Bruneian princess (born 1980)

Hafizah Sururul Bolkiah binti Hassanal Bolkiah (Jawi: حفيظة سرور البلقية; born 12 March 1980) is a member of the royal family of Brunei. She is the fifth child of Sultan Hassanal Bolkiah of Brunei and Queen Saleha.

== Early life ==
Princess Hafizah was born on 12 March 1980 to Sultan Hassanal Bolkiah of Brunei and his first wife, Queen Saleha of Brunei. She has five full siblings and six half-siblings from her father's other marriages.

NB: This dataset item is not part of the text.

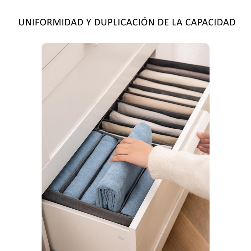 - 3 - The jeans storage containers for storing clothes can be easily placed in cabinets, drawers or shelves, so items can be effectively sorted into groups, facilitate access and keep the cabinet clean. In addition, the durable folding material and washing material can be stacked to double the storage space in your closet.
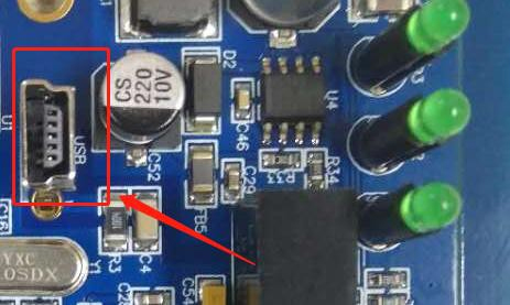 當(dāng)需知道當(dāng)前設(shè)備使用的波特率的值時(shí),先打開(kāi)設(shè)備外殼(擰開(kāi)兩側(cè)黑色螺絲即可)然后用USB線將設(shè)備的USB口和電腦連接上,USB口為USB-MINI口,如圖3.3所示。

== Education and career ==
Princess Hafizah attended International School Brunei from 1984 to 1990 when she passed the Primary Certificate of Education. She continued her education at Paduka Seri Begawan Sultan Science College. In 1993, she passed the Brunei Junior Certificate of Education and in June 1995 she completed the GCE O-level exams. Hafizah then attended Duli Pengiran Muda Al-Muhtadee Billah College where she completed the GCE A-level.

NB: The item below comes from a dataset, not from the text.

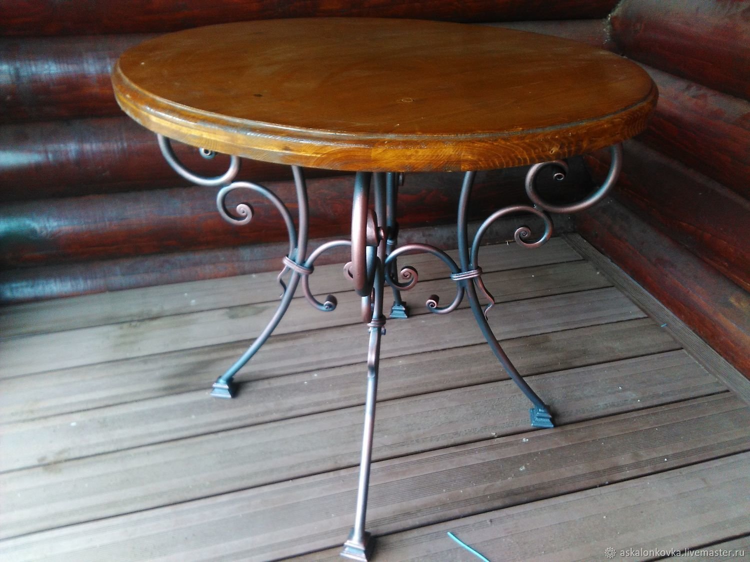 Кованый журнальный столик с деревянной столешницей из профтрубы

On 21 March 1996, Hafizah took part in a Khatam Al-Quran Ceremony at Istana Nurul Iman with her sisters, Princess Majeedah and Princess Azemah marking the completion of their recitation of the Quran.

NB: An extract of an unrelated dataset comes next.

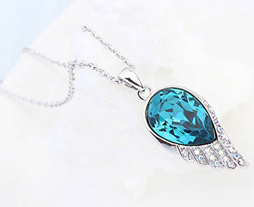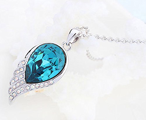 -. Title : Sojewe Silver tone Angel Fly Wing Pendant Necklace Navy Blue Swarovski Elements Crystal 18" Chain for Women

In September 2002, Hafizah graduated with a Bachelor of Business Administration with second-class upper honours from the Universiti Brunei Darussalam. After graduation, Hafizah began working at the Ministry of Finance

== Marriage and issue ==
In September 2012, Princess Hafizah married Pengiran Anak Muhammad Ruzaini ibn Mohd Yakub in an elaborate celebration lasting over a week.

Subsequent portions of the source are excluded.